Who Stands for Our Children – Response 6-11-11 Article in The Atlantic Magazine

Who Stands for Our Children?

First priority – the children

As a Montessori teacher, my first priority is my students. I stand for them and that is why I have chosen to devote my life to the training of teachers. I believe that many American teachers, Montessori or other, believe the same. Yet the structured organization of teachers in America has a different agenda.

In the June 11, 2011 issue of The Atlantic Magazine, former legal prosecutor and later Superintendant of New York City Schools for eight years, Joel Klein, pleads the cause for educational reform in an article called The Failure of American Schools. It is an excellent article.

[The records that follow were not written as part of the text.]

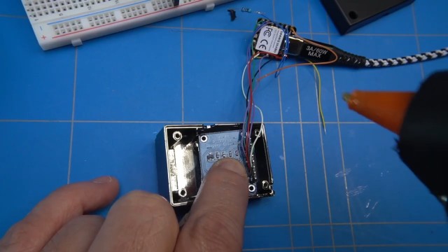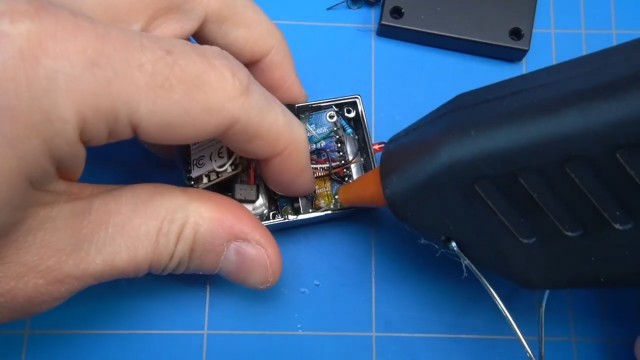 To have a sense that something is already finished, let's fasten the LCD screen to the enclosure with some hot glue.
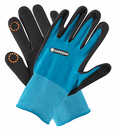 Planteringshandskar i storlek XL från GARDENA passar perfekt när du ska arbeta och gräva i blomsterrabatter. Tack vare nitrilbeläggningen förblir handflatorna torra när du arbetar med fuktig jord. Dessutom andas materialet på baksidan så att du inte svettas om händerna. Arbetshandsken med perfekt passform för extra stora händer imponerar med sin optimala form tack vare det flexibla materialet på manschetten och handryggen. Mobilpekfunktionen på tummen och pekfingret gör den än mer praktisk eftersom du kan använda en pekskärm på en smartphone eller surfplatta. Du behöver inte ta av den smartphonekompatibla och vattentåliga planteringshandsken. Handskarna är fria från skadliga ämnen för planterings- och jordarbete och har därför certifierats med Oeko-Tex® Standard 100.
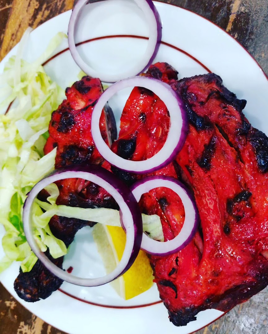 Блюдо: Biryani poulet. Описание блюда: Morceaux de poulet mijotés avec riz parfumé, petits pois, oignons, tomates, ghee et ses épices. Servi avec raïta et œuf dur.
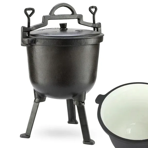 Okrągły kociołek żeliwny na nóżkach z pokrywką i uchwytem do zawieszenia, posiada emaliowany środek. Idealny do gotowania, pieczenia, duszenia oraz smażenia potraw na ognisku, grillu lub nad otwartym ogniem. Potrawy przygotowane w kociołku będą soczyste i aromatyczne. Przydatny w trakcie różnego rodzaju spotkań, uroczystości czy imprez organizowanych na świeżym powietrzu. Oryginalny produkt marki Vilde z linii Cast Line. Wyprodukowano zgodnie z europejskimi standardami.

He reminds us that “Nearly three decades after A Nation at Risk, the groundbreaking report by the National Commission on Excellence in Education, warned of ‘a rising tide of mediocrity that threatens our very future as a Nation and a people,’ the gains we have made in improving our schools are negligible—even though we have doubled our spending (in inflation-adjusted dollars) on K–12 public education. On America’s latest exams (the National Assessment of Educational Progress), one-third or fewer of eighth-grade students were proficient in math, science, or reading. Our high-school graduation rate continues to hover just shy of 70 percent, according to a 2010 report by the Editorial Projects in Education Research Center, and many of those students who do graduate aren’t prepared for college. ACT, the respected national organization that administers college-admissions tests, recently found that 76 percent of our high-school graduates “were not adequately prepared academically for first-year college courses.”

What is happening and why?

President Obama said in 2008: “The single most important factor in determining [student] achievement is not the color of [students’] skin or where they come from. It’s not who their parents are or how much money they have. It’s who their teacher is.”

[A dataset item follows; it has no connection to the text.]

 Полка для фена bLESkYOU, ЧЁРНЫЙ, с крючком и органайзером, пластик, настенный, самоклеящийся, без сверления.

Klein explains: “Yet, rather than create a system that attracts and rewards excellent teachers—and that imposes consequences for ineffective or lazy ones—we treat all teachers as if they were identical widgets and their performance didn’t matter.” The teachers’ unions, the United Federation of Teachers (UFT) and the National Education Association (NEA) are among the most powerful unions in the United States.

Under union policies, teachers who have taught a certain number of years are tenured. In other words they cannot be fired. Klein says that firing a public-school teacher for non-performance is virtually impossible. “In New York City, which has some 55,000 tenured teachers, we were able to fire only half a dozen or so for incompetence in a given year, even though we devoted significant resources to this effort.

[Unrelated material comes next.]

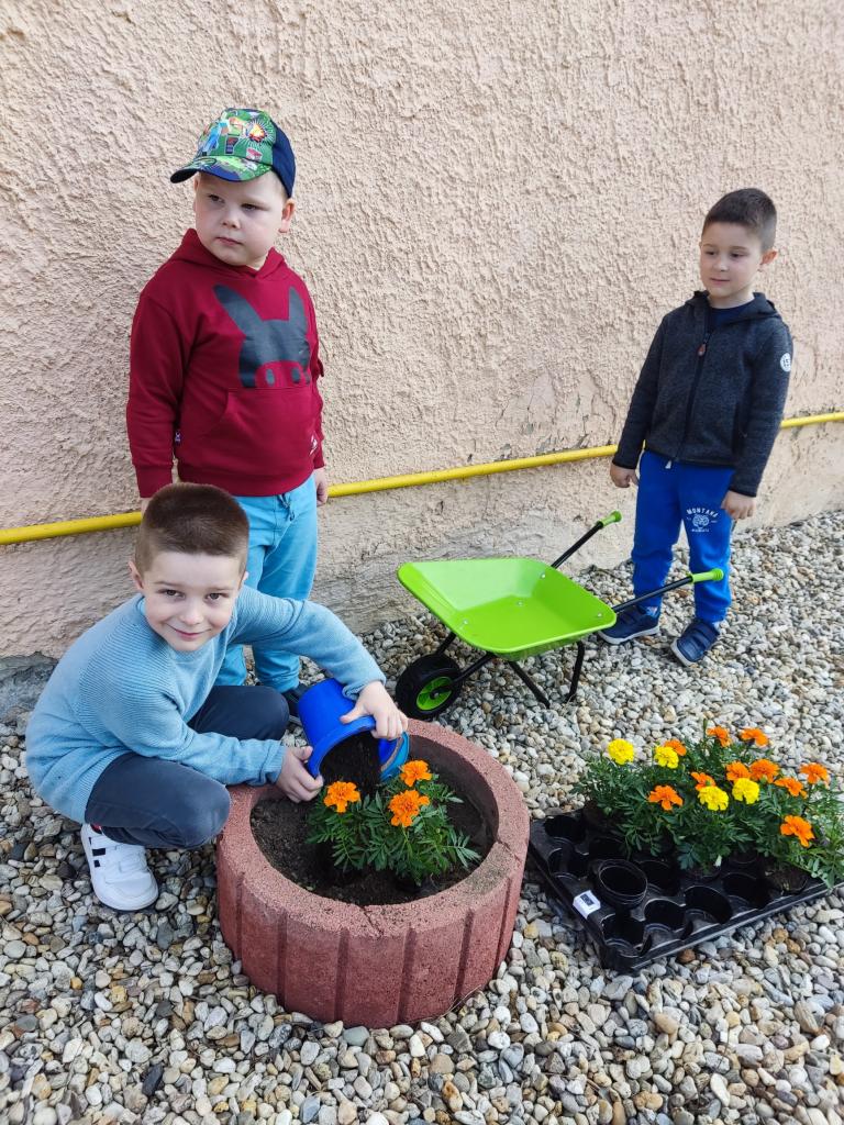 S príchodom jari sme si upravili a skrášlili náš školský dvor aj výsadbou kvetín.

“The extent of this “no one gets fired” mentality is difficult to overstate—or even adequately describe. Steven Brill wrote an eye-opening piece in The New Yorker about the “rubber rooms” in New York City, where teachers were kept, while doing no work, pending resolution of the charges against them—mostly for malfeasance, like physical abuse or embezzlement, but also for incompetence. The teachers got paid regardless. (To add insult to injury, these cases ultimately were heard by an arbitrator whom the union had to first approve.)”

The argument for choice and accountability

“Accountability, in most industries or professions, usually takes two forms. First and foremost, markets impose accountability: if people don’t choose the goods or services you’re offering, you go out of business. Second, high-performing companies develop internal accountability requirements keyed to market-based demands.

“Public education lacks both kinds of accountability. It is essentially a government-run monopoly. Whether a school does well or poorly, it will get the students it needs to stay in business, because most kids have no other choice. And that, in turn, creates no incentive for better performance, greater efficiency, or more innovation—all things as necessary in public education as they are in any other field.”

Klein has an ambitious idea to have teachers work with software developers to create math lessons where each child can be working at his or her own level. He apparently does not know that this is exactly what Montessori classrooms already do.

Let’s get the word out about what Montessori offers!

Albert Shanker, the late head of the UFT, once pointedly put it, “When schoolchildren start paying union dues, that’s when I’ll start representing the interests of schoolchildren.” It is clear that the teachers’ unions are not putting children first.

Again, I ask: Who Stands for Our Children?